15. Not comparing private lenders

A number of private lenders issue student loans, so you don’t need to rush to accept the first one you're offered. Compare the rates, fees and payment schedules before you sign on the dotted line to ensure that you snag the best deal available.

16. Forgetting to complete the CSS Profile

If you're going to a pricey private school, you may have to fill out a CSS Profile in addition to the FAFSA. This is a financial aid application used by a handful of select colleges and universities to determine whether you apply for institutional funding. Forget about it and you could be seriously shortchanging your aid package.

17. Neglecting your credit score

Federal loans don't take your credit score into account, but that's not the case with private lenders. If your score is low because you got into some trouble with credit cards or you just haven't had time to build up a significant credit history (which is totally understandable when you’re young), you won't be able to qualify for a private loan without a co-signer on board. This is common.

18. Choosing the wrong co-signer

Asking someone to be a co-signer on a private student loan isn't something either party should take lightly. You're effectively sharing the responsibility of repaying the debt. Choosing someone with a solid credit history and a steady income can work in your favor in terms of the interest rate you’ll get. You should also take that person’s age and health into account, since some lenders may require that you pay the loan in full if your co-signer passes away.

19. Not understanding repayment terms

With most federal student loans, you have a six-month grace period between the time you graduate and the time you actually have to start making payments on what you owe. With private loans, that's not always the case. In fact, some private lenders may require that you start paying while you're still in school. This is something you need to be aware of before you borrow.

After You're Approved

Money Hand Holding Bankroll Girls February 08, 20117
Money Hand Holding Bankroll Girls February 08, 20117 © Steven Depolo (CC BY 2.0) via Flickr

20. Skimming over the fine print

Once your financial aid application gets the green light, your lender should send you information outlining the loan's terms. It will include a breakdown of the interest rate, your repayment options, an amortization schedule and an outline of penalties that apply if you default. Read everything carefully to make sure you understand exactly what you're agreeing to.

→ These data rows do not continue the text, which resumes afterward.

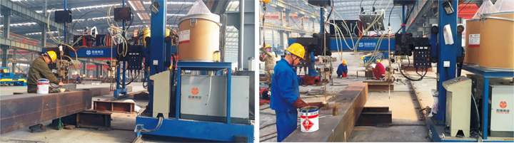 本機(jī)采用垂直電渣焊將內(nèi)隔板與周圍鋼板焊接牢固。有熔嘴式與熔絲式二種電渣焊可供客戶選擇。熔嘴式操作簡單,投資省,使用成本高;熔絲式操作復(fù)雜,投資大,使用成本低。
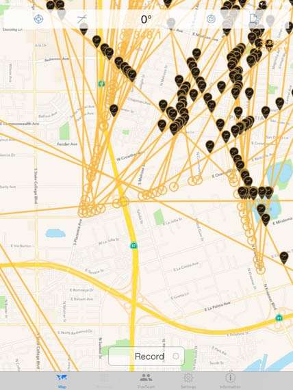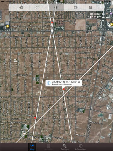 SigTrax puts a red pin at every bearing crosspoint. White bearings show up best on Google satellite view. The traditional "pinch" method zooms the map in and out to show exact locations of the crosspoints.
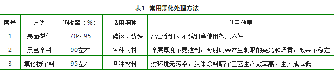 在产品激光淬火前,工件表面粗糙度值很小,在淬火中会严重影响材料表面对激光光能的吸收率。因此,在激光淬火前需要对待处理工件表面进行预处理。表面预处理方法很多,包括磷化法、提高表面粗糙法、氧化物涂料法、黑色涂料法等,其中最常用的是磷化法、黑色涂料法和氧化物涂料法,如表1所示。
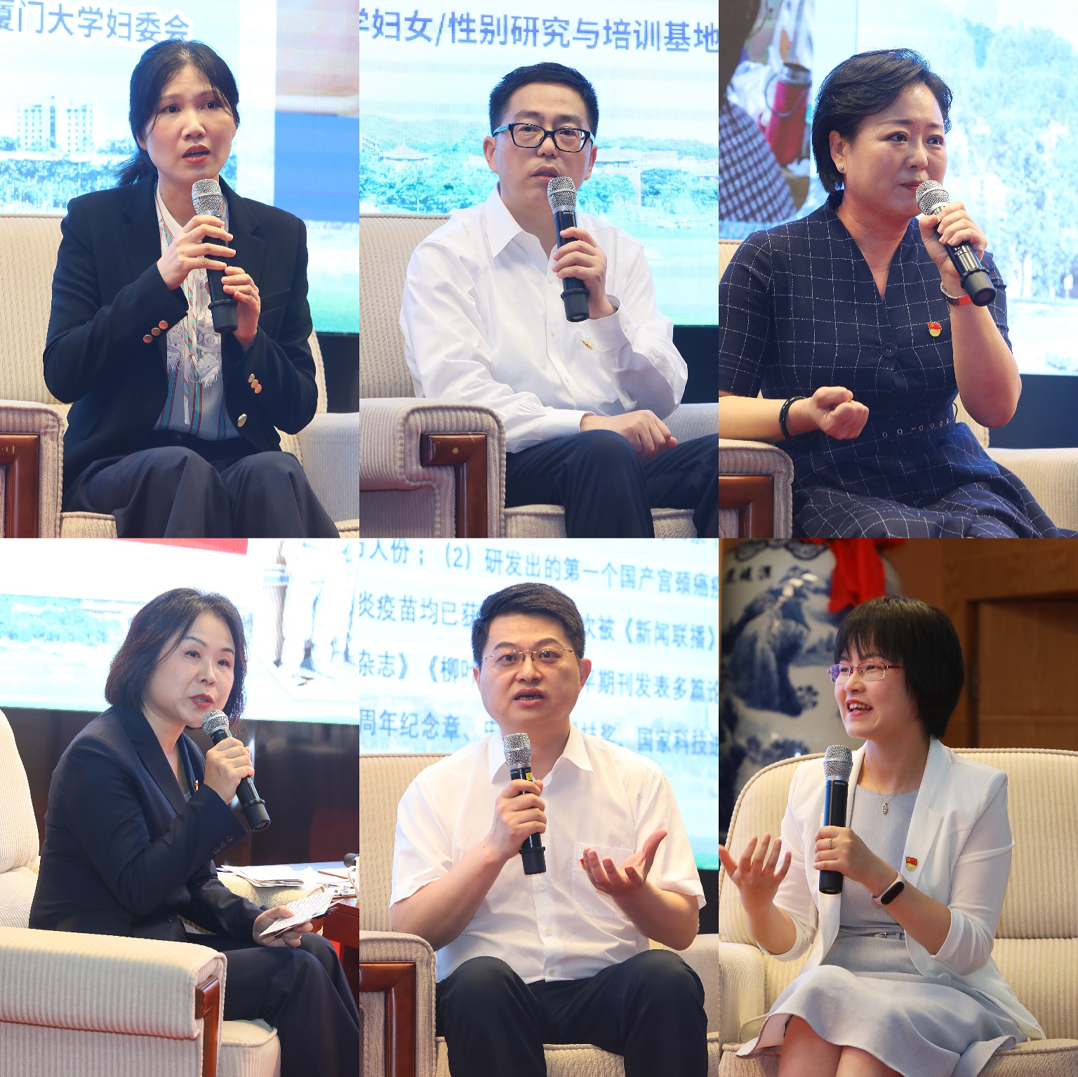 因疫情防控要求,本次对话设置了主会场和分会场,并同步线上分享。学校办公室、组织部、党建办、宣传部、教师工作部、学生处、社科处、科技处、教务处、研究生院、医管办、校工会、校团委、校妇委会、妇女/性别研究与培训基地等单位领导出席主会场活动,许多学院设置了分会场远程参与活动,有近1000师生参与线上直播和互动。精彩的分享现场,师生们一次又一次地响起热烈掌声。在对话过程中,同学们通过线上线下向嘉宾们提出了许多问题,嘉宾们择其要当场给予了解答。

21. Accepting the full aid package

Borrowing more than you actually need to is one of the worst financial aid mistakes you can make. Your lender charges you interest on every penny, regardless of whether you're using it to pay for your tuition or cover your everyday expenses. Unless you're comfortable taking on unnecessary debt (and you may not realize your comfort level until years from now), it's wiser to take only what's required to meet your education costs.

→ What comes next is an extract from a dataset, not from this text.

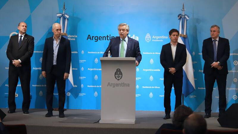 Acompañado por el gobernador Axel Kicillof (Buenos Aires), Gerardo Morales (Jujuy), Omar Perotti (Santa Fe) y el jefe de Gobierno porteño Horacio Rodríguez Larreta, Fernández comenzó su discurso remarcando que "la salud para nosotros es muy importante por eso hemos tomado el toro por las astas desde el comienzo". "Nos hemos abocado a dar respuestas rápidas aprovechando que Dios nos dio una oportunidad dándonos tiempo para prevenir el avance del virus , indicó.
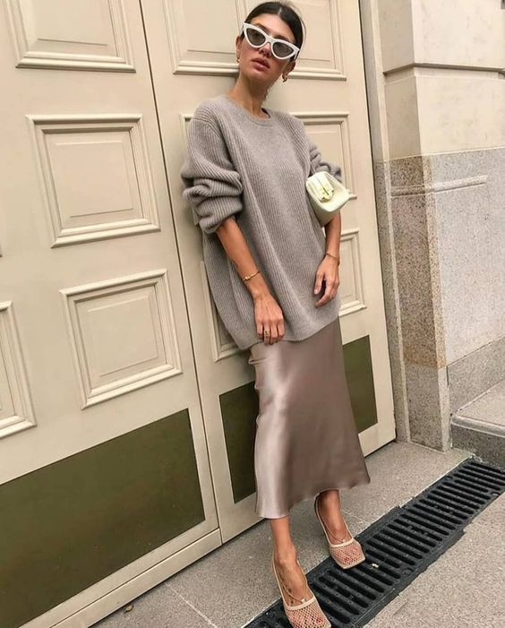 Soft and understated, this ensemble features a pale grey oversized sweater atop a silky taupe midi skirt. This pairing is perfect for those who prefer their fall fashion with a whisper rather than a shout. The midi length is versatile and flattering, ideal for both office environments and weekend outings. Pair with nude pumps and a structured handbag for a polished finish.

22. Choosing the wrong repayment plan

How you choose to pay back student loans plays a big part in determining the actual price of borrowing. Going with a standard 10-year plan means your monthly payments will be higher, but you'll shell out less in interest. Opting for a graduated or income-based repayment plan makes your monthly payments more affordable if you don’t earn a lot when you graduate, but the interest cost is higher. Similar options are available with private loans, and some lenders may even let you just pay the interest for the first few years. Reading up on the different repayment choices can help you decide which one is the right pick.

23. Forgetting to reapply for aid

Financial aid isn't something you can apply for once and forget about. If you take out federal loans, you'll need to complete a new FAFSA every year to maintain your eligibility. Students who borrow through private lenders also have to reapply annually. The other big problem you can run into is assuming your aid package will be the same from year to year. You could be in for a shock if the size of your award is drastically reduced because of changes in your financial situation.